Shop Local 2020

Did you see it? While we were paying attention to a pandemic, wildfire smoke, and storms the 25th showed up – and will naturally pass by. There it goes. September 25th. October 25th. November 25th. December 25th. In these three months a lot of shopping happens. Normally. This is 2020. No one knows what normal is. One thing that remains the same though is Shop Local. It’s how small towns survive.

The idea is simple, but easy to overlook. There are plenty of memes about it, but the essence is that by working with local companies, entrepreneurs, artists, and business folk in general money spent locally stays local.

Buy brand name merchandise from a brand name store and watch a lot of that money go to the brand name companies – that are very probably based thousands of miles away, maybe even on a different continent. But you really don’t get to watch that money because it is gone. About 57% of what you spent goes…somewhere else. Some stays in the area, paying bills and wages, but most departs. International corporations are built on that model.

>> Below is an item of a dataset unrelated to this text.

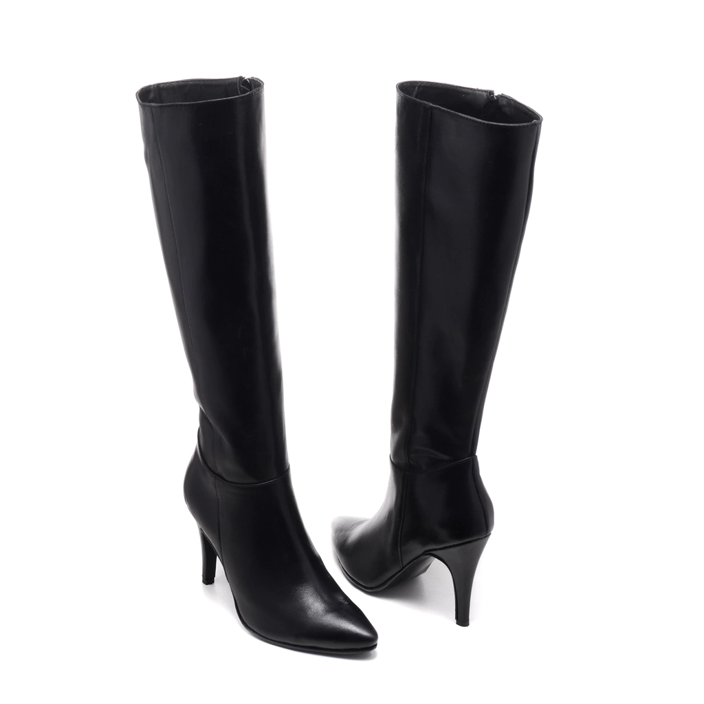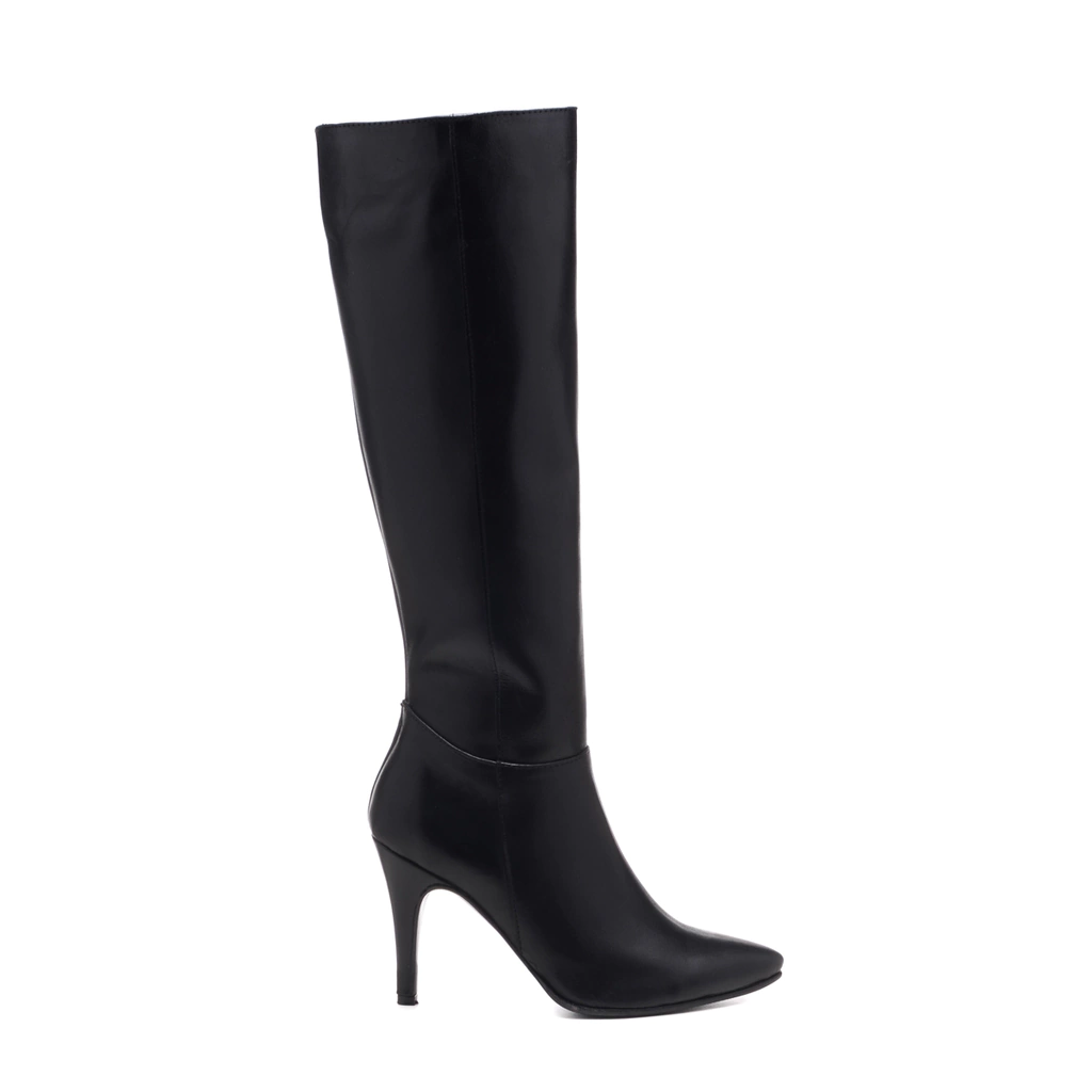 Material: Cuero | Color: Negro | Altura de taco: 9 cm | Altura de Caña: 40 cm | Ancho de caña: 34 cm

Buy local merchandise from a local business and watch the majority of that money stay so close that you really can see its effects. Start with the smile from someone who may have made that product. There’s good reason for pride. If they get to keep more of the money, they’re also more likely to contribute back to the community with better jobs, more business for other local businesses, and a sense of identity. There’s less need to ship things across oceans, less packaging, and a real connection. You may shop in one store, then next week meet that shopowner when you’re both customers in another store. Say hi, because you’re that much closer to making a friend.

Shop local and instead of 57% of the money leaving, 73% stays. That 73% goes to someone with a name, not an abstract legal entity. There’s holiday spirit.

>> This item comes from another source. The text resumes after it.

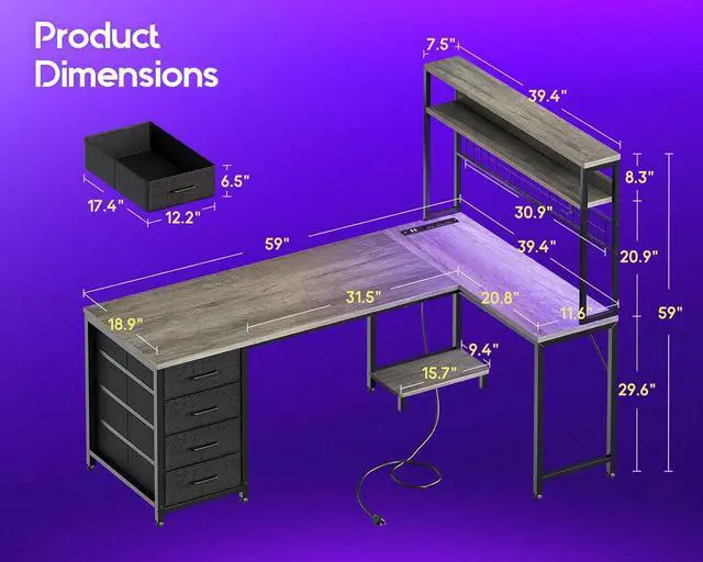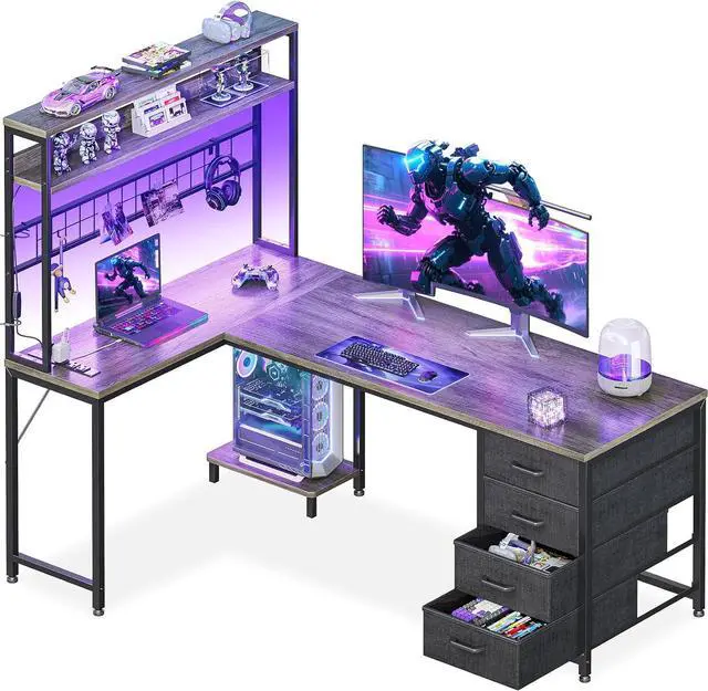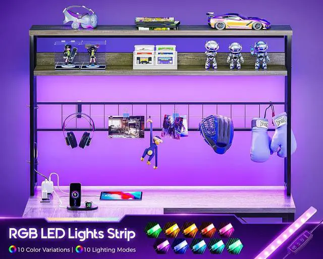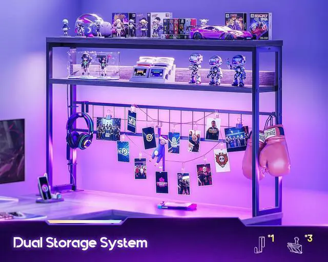 Immersive RGB Lighting Equipped with detachable LED light strips offering 10 colors, 10 dynamic modes, and 8 brightness levels, this l shaped gaming desk lets you create the perfect gaming atmosphere or a calm, focused workspace"

from The Quarterly Friend Review

It may be dull, but that also means more money for local taxes, local investment, and local philanthropy and charity. And those last two are well-suited for gift-giving. You buy a gift, and a series of other gifts cascade through the community.

Locals can care more. Local people running local shops can’t be anonymous. They know that if they don’t provide a good product or service that the word will get around, even without a need to post a review online. Besides, they’re likely to know many of their customers. Why treat friends poorly, as if they are a ‘market’ instead of a person? That’s a bad business model.

The pandemic created a dilemma. What better way to emphasize shopping local than to restrict non-essential travel? Ironically, many people switched to online shopping because of the pandemic. But businesses are re-opening and are in more need of funds to cover months of struggling to keep their businesses alive. They didn’t get billion dollar bailouts, and may not have ever made it through the bureaucratic process of asking for funds. Corporations can afford lawyers and accountants. Artists and entrepreneurs have to concentrate on more than just paperwork.

Thanks to the diversity across all of Whidbey Island, there’s plenty to choose from. The traffic is lighter. There’s no need to battle the bottlenecks of the bridge or the ferries. Parking is much easier than maneuvering through a mall’s lot. Let’s hope there’s enough opportunity for farmer’s markets and art shows.

Don’t worry about trying to make it a 100% experience. The big stores still have their place. Someone has to sell us those AA batteries.